Il a semblé nécessaire de préciser certains termes-clés, pour la clarté de cette note :

Innovation : nous considérons ce terme au sens le plus large. En général, il concerne la diffusion de produits à haute valeur ajoutée technologique ; ceci reste évidemment vrai, mais l'innovation se situe évidemment dans tous les domaines. Nous parlons notamment : des services innovants (services à la personne, aux entreprises, etc), des innovations méthodologiques (en matière commerciale, financière, de gestion de projets, etc), des innovations créatives (nouveaux designs, mode et création, etc), ceci sans compter l'innovation politique, à laquelle nous consacrons quelques-unes de nos propositions.
Pôles de compétitivité : ils ont été mis en place il y a 18 mois : soixante-six pôles de compétitivité ont été sélectionnés. Six correspondent à des «projets mondiaux », neuf à des «projets à vocation mondiale» et les 52 autres ont davantage une vocation nationale ou régionale. Destinés à conforter la compétitivité de l'économie française en développant les synergies entre entreprises, unités de recherche et centres de formation dans un espace géographique donné, ils bénéficient de 1,5 milliard d'euros de financements publics.

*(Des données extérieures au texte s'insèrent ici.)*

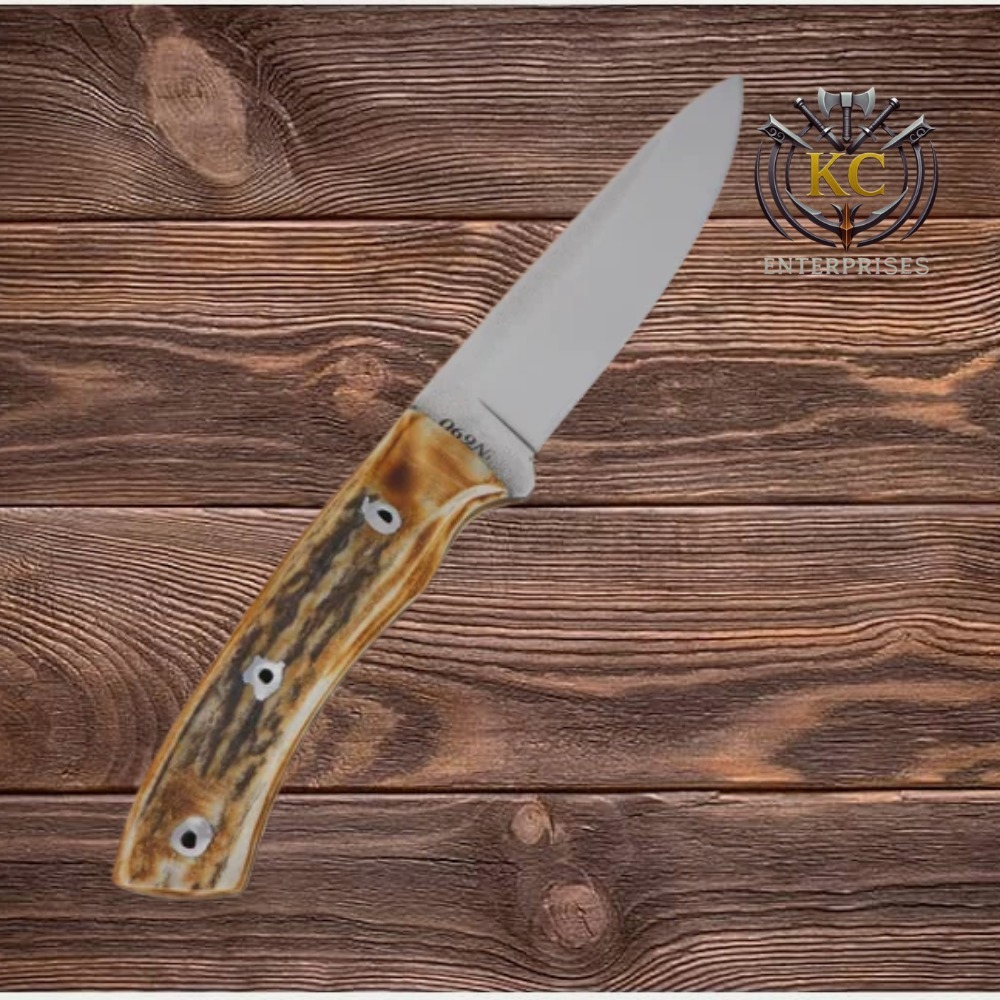 The handle is made from natural stag horn, giving the knife a traditional and rugged appearance while providing a comfortable and secure grip. Its ergonomic design helps reduce hand fatigue and ensures better control during extended use.
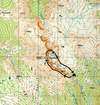 сколько ещё от этого места?Если у Вас проходимая машина с высокими колесами, то посуху, возможно, даже на последний холм перед горой сможете заехать, где находятся обломки радара, который тут был ранее. Самая высокая точка этого холма обозначена на карте (2060,8 м). Но дальше дороги нет. А если пойдет дождь, то, думаю, придется вызывать трактор чтобы вытащить Вас обратно.
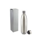 Termo modelo “Botella” de 3/4 litro, en Acero inoxidable, tapa rosca. Presentación en estuche de cartón laminado plateado.
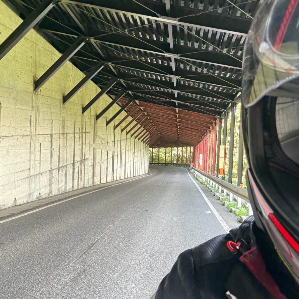 r560、通称「ほくほく街道」に入ると、こちらも雪国らしい風景の長いスノーシェッドが姿を現します。
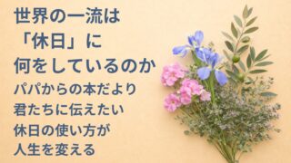 心を整える 『世界の一流は「休日」に何をしているのか』要約・感想|“休日の使い方が人生を変える”【パパからの本だより】 『世界の一流は「休日」に何をしているのか』の要約と感想です。休日は疲れてから休む日ではなく、人生を整える戦略的な時間。休養と教養を両立させる休日設計、土曜=チャレンジ、日曜=リフレッシュの考え方、自己効力感を高める習慣を、パパから子供たちへやさしく伝えます。 2026.03.08 心を整える
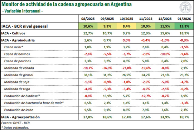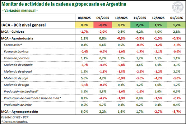 El Índice de Actividad de la Cadena Agropecuaria (IACA-BCR), que elabora la Bolsa de Comercio de Rosario, registró un incremento mensual del 1,2% en enero, alcanzando un nuevo máximo histórico. En la comparación interanual, la serie se ubica 13,3% por encima del primer mes de 2025.
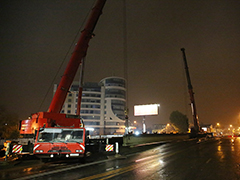 Так, до этого времени были погружены балки на балковозы и доставлены на путепровод, два крана грузоподъемностью более 200 тонн каждый были выставлены с разных сторон путепровода: первую балку заблаговременно застропили.
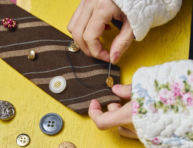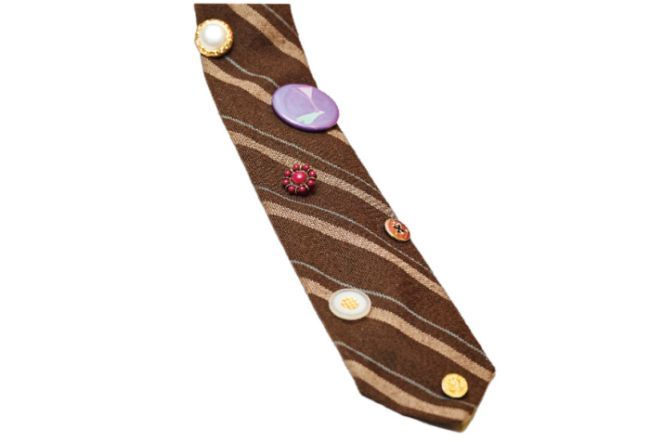ネクタイを机に置き、好きな位置にボタンやリボンなどを置く。
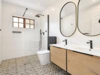 The North-facing master bedroom enjoys a modern en-suite bathroom with double vanities and a walk-in shower.
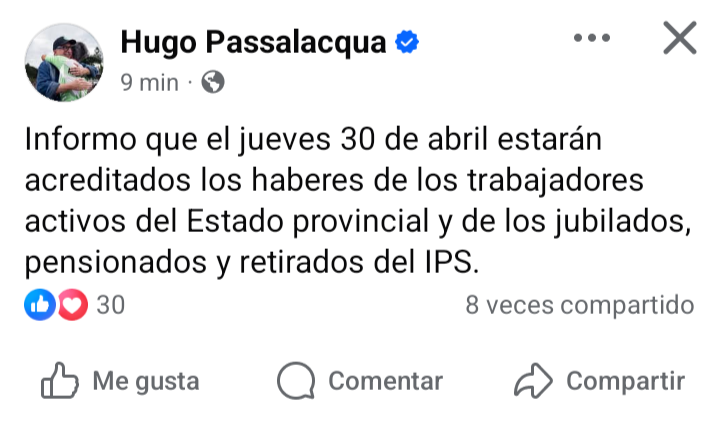 El gobernador de Misiones, Hugo Passalacqua, anunció a través de sus redes sociales que este jueves 30 de Abril estarán acreditados los haberes de los trabajadores activos de la Provincia, como también de los jubilados, pensionados y retirados del Instituto de Previsión Social (IPS).

RES : Les pôles de recherche et d'enseignement supérieur sont un outil de mutualisation d'activités et de moyens d'établissements et organismes de recherche publics ou privés, relativement proches géographiquement.
C'est un moyen de favoriser les relations entre le domaine public et les PME en identifiant une synergie possible entre la recherche publique et le monde privé. Pour y arriver, il y a des phases intermédiaires, souvent méconnues des PME/PMI.

Recherche : traditionnellement, on différentie la recherche fondamentale de la recherche appliquée. Ceci est de moins en moins justifié, d'une part parce que l'expérience montre que certaines découvertes fondamentales ont été le fruit de recherches applicatives, d'autre part parce que la frontière devient difficile à définir, notamment avec l'avènement des nanotechnologies et des biotechnologies. Par contre, il est nécessaire de discriminer ce qui relève d'une activité de recherche sans retour financier prévisible, et celle qui exige une commercialisation à court ou moyen terme. Celle-ci ne doit pas être sacrifiée à celle-là, leurs acteurs et leurs financements ne devant pas être confondus.

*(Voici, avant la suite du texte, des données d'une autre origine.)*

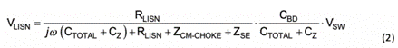 與電壓源并聯(lián)或與電流源串聯(lián)的元器件對網(wǎng)絡(luò)中的電壓或電流無影響,因此可以去除。疊加定理可幫助分別分析 IDCL、IDOUT和 VSW的作用。顯然,IDCL和 IDOUT已短路,不會產(chǎn)生 CM 噪聲。圖 7b 顯示的是最終 CM 模型,公式 2 可計算在 LISN 測得的 CM 噪聲電壓:
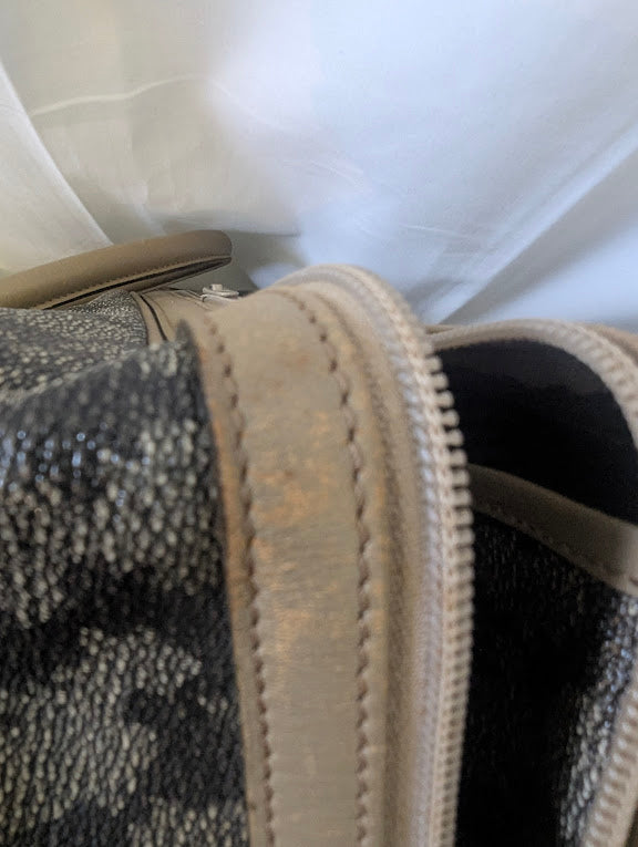 Authentic vintage Yves Saint Laurent large travel bag, perfect for weekend getaways or carry-on use. Features a classic structured silhouette with generous interior space. The exterior shows minor corner wear and light discoloration spots on the handles, consistent with age and use (please see photos for details). Includes original luggage tag holder and lock (no key). A timeless YSL travel piece with enduring style.
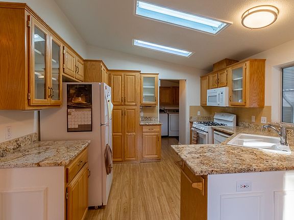 Spacious 3-bedroom, 2-bath, well-maintained home located in a desirable 55+ community.Ideal for those seeking calm surroundings and community engagement. Recent upgrades include a brand-new refrigerator, a new garbage disposal, and energy-efficient window screens that help keep maintenance easy and utility costs low. The freshly painted interior and exterior offer a clean, welcoming feel, enhanced by granite countertops in the kitchen and a built-in window seat that invites relaxed mornings or cozy conversations. The Primary bathroom features a soaking tub and a separate shower, along with a double vanity. When power outages occur, your whole-house Generac generator (14 kW Tri-Fuel'' Diesel, Natural Gas, & Propane) ensures continuity of everyday life without a hitch. In addition to the Central heat and air system, there is an evaporative cooler unit for those hot summer days. Water reservoir tank used for watering the yard. Clear pest and roof report.

R&D : Les activités de recherche et développement servent la stratégie d'une entreprise ou d'une organisation. Ses missions consistent à anticiper ou à créer les révolutions technologiques, les ruptures ou les adaptations, et à développer l'innovation en créant des prototypes et les testant avant de les rendre opérationnels. La partie développement, consistant à mettre en œuvre les découvertes (mise au point des produits et des procédés de production), est souvent la plus longue et la plus coûteuse.